§ GOAL OF THE EXERCISE:
Pictures in the entries below are to be left out; otherwise, reproduce exactly the lines from the first through the line containing "ASOS DESIGN angled".

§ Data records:
━━━━━━━━
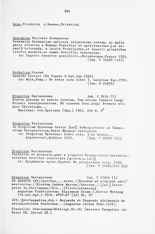 Alphabetisches Verzeichnis der Gießener Postinkunabeln
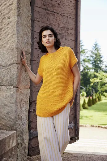Kurzarm-Pullover mit Kapuze in kraus rechts gestrickt mit GLOW (Viskose Lyocell, Baumwolle organic, Polyamid)
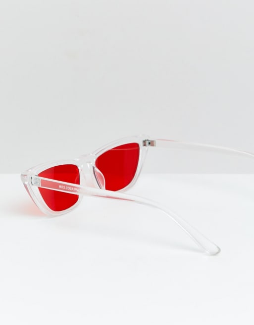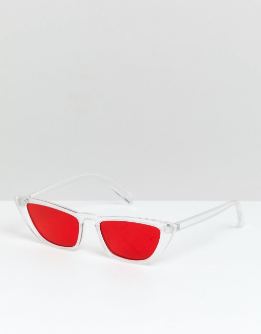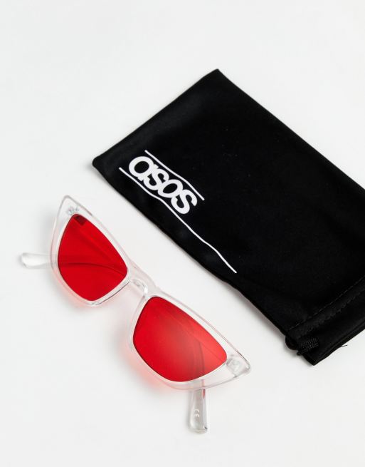 ASOS DESIGN angled cat eye sunglass in clear with red lens
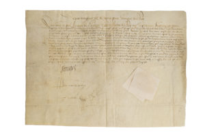 mai 1577. Vélin oblong, cachet aux armes sous papier. Mandement « de par Monsieur, fils de France, frère unique du Roy » adressé à « nostre amé et feal le comte de Saint-Aignan, chevalier de l'Ordre du Roy, capitaine de cent hommes d'armes des ordonnances de Sa Majesté, nostre conseiller chambellan ordinaire et surintendant de nostre Maison (…) ; Considérant les bons et agréables services que nostre amé et féal Imbert de Bourrelon, Sgr de Meuret, a faict de ses guerres, icelluy avons retenu et retenons en estat de l'un de nos chambellans ordinaires au lieu et place du feu Sgr de Chasteaubaudeau, dernier possesseur. » Ancienne collection Morssen
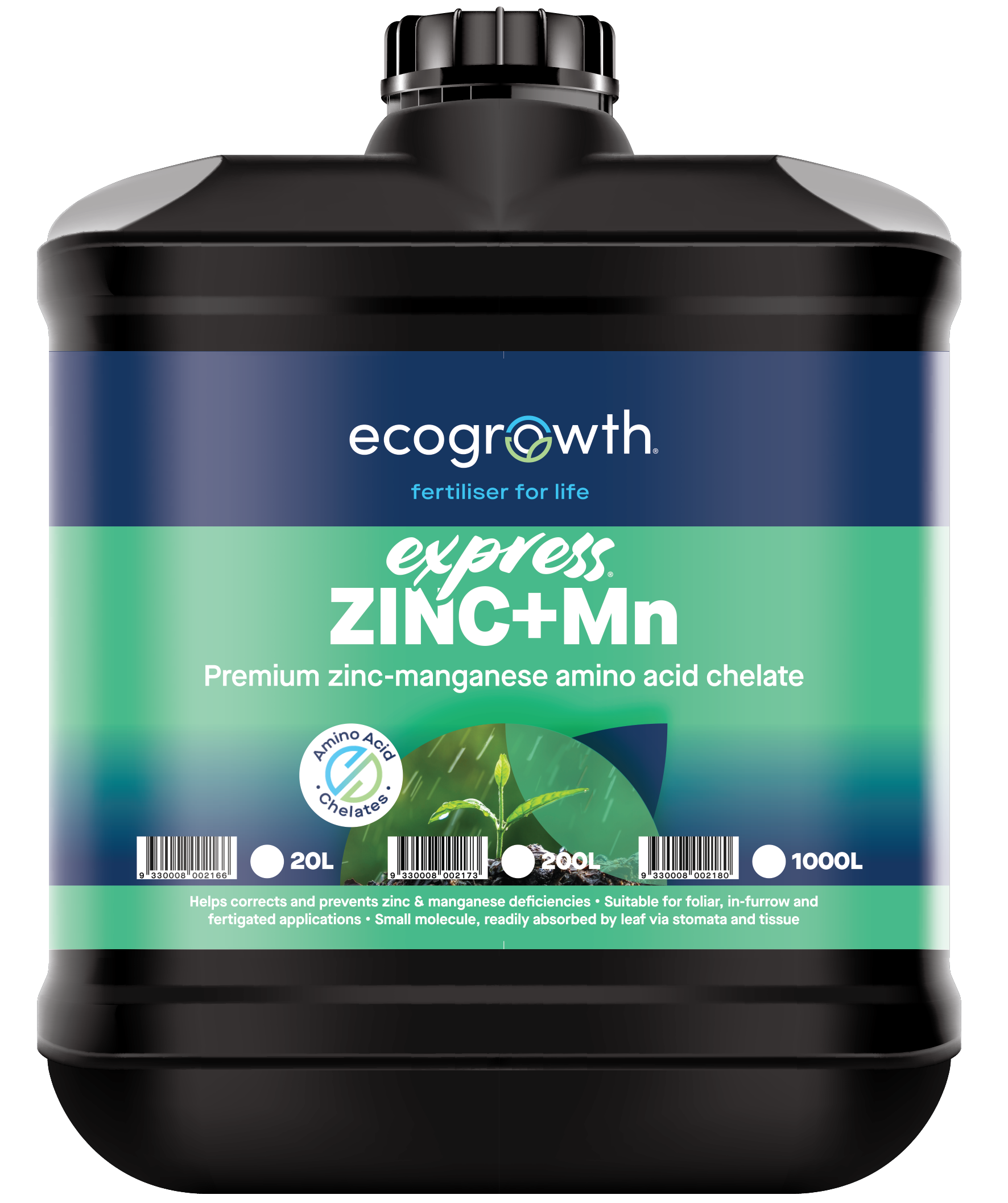 The most effective way to apply Express® ZINC+Mn is via foliar application; however, it is suitable for in-furrow and fertigated applications as well as chelates, which minimise reactions in the soil solution, resulting in available nutrients for a longer period.
━━━━━━━━
§ EXERCISE RESPONSE:
 Alphabetisches Verzeichnis der Gießener Postinkunabeln
Kurzarm-Pullover mit Kapuze in kraus rechts gestrickt mit GLOW (Viskose Lyocell, Baumwolle organic, Polyamid)
 ASOS DESIGN angled cat eye sunglass in clear with red lens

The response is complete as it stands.